Personal information
- Nickname: Oddball Swordsman (괴짜검객)
- Nationality: South Korean
- Born: 24 October 1981 (age 44)

Sport
- Country: South Korea
- Sport: Fencing

Medal record
Men's fencing
Representing South Korea
Olympic Games
| Bronze medal – third place | 2012 London | Foil |
World Championships
| Bronze medal – third place | 2007 St. Petersburg | Team foil |
Asian Games
| Gold medal – first place | 2010 Guangzhou | Foil |
| Silver medal – second place | 2006 Doha | Team foil |
| Bronze medal – third place | 2010 Guangzhou | Team foil |

= Choi Byung-chul =

South Korean fencer (born 1981)

Choi Byung-Chul (/ko/; born October 24, 1981) is a South Korean foil fencer.

Choi made his first major international appearance by winning gold in the individual foil and bronze in the team foil at the 2001 Junior World Fencing Championships. In 2007, he won the bronze medal in the foil team event at the World Fencing Championships in Saint Petersburg, Russia.

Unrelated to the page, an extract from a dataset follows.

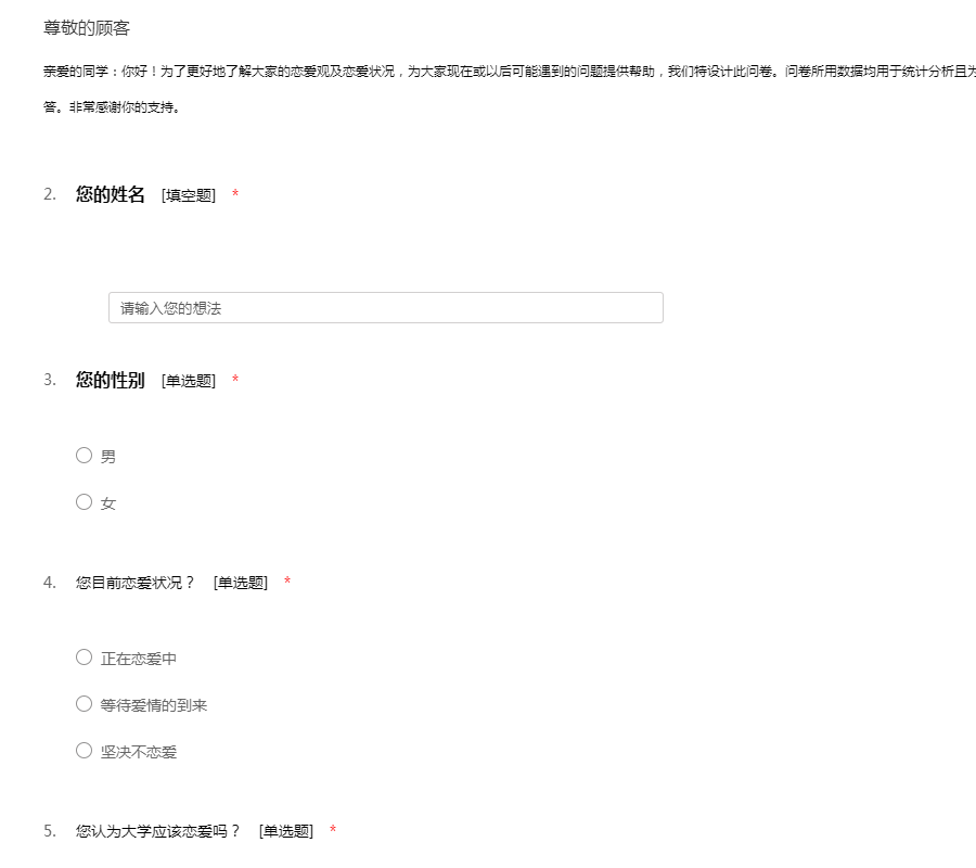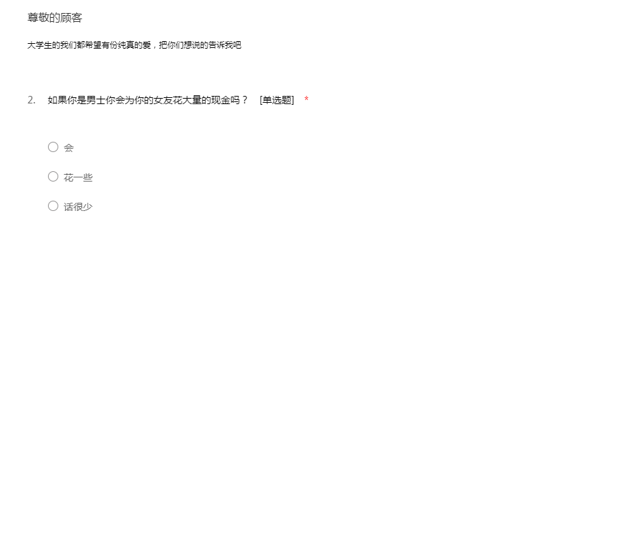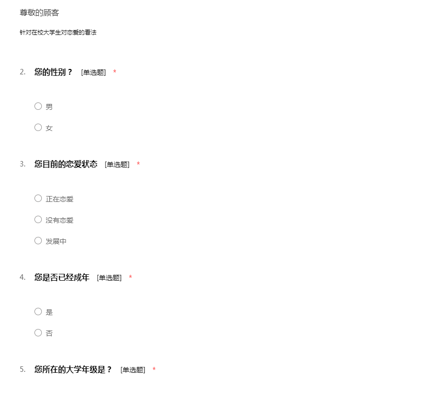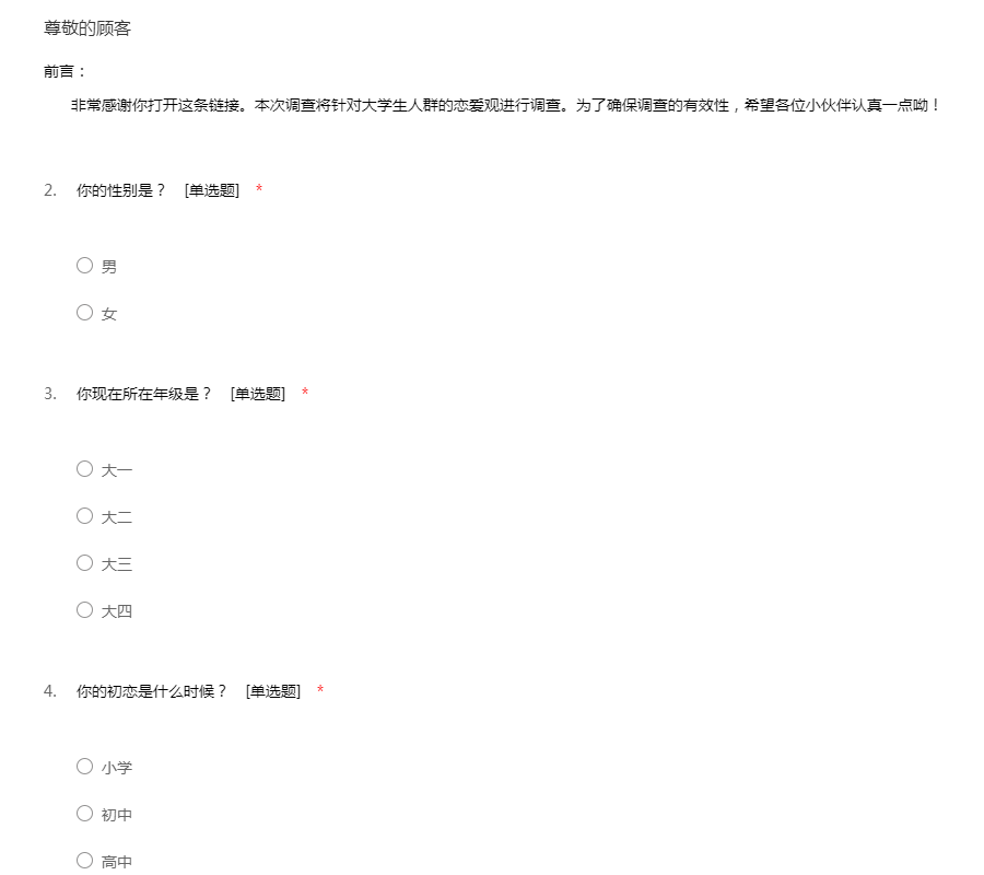 前言: 非常感谢你打开这条链接。本次调查将针对大学生人群的恋爱观进行调查。为了确保调查的有效性,希望各位小伙伴认真一点呦!

Choi qualified for the 2008 Beijing Olympics for the men's individual foil competition. On August 13, 2008, he had a 15–14 loss to the eventual silver medalist Yuki Ota of Japan in the round of 16. Choi then participated in the 2012 London Olympics and on July 31, 2012, he lost to Alaaeldin Abouelkassem in the semi-final, but beat Andrea Baldini in the bronze medal match to finally capture the bronze medal.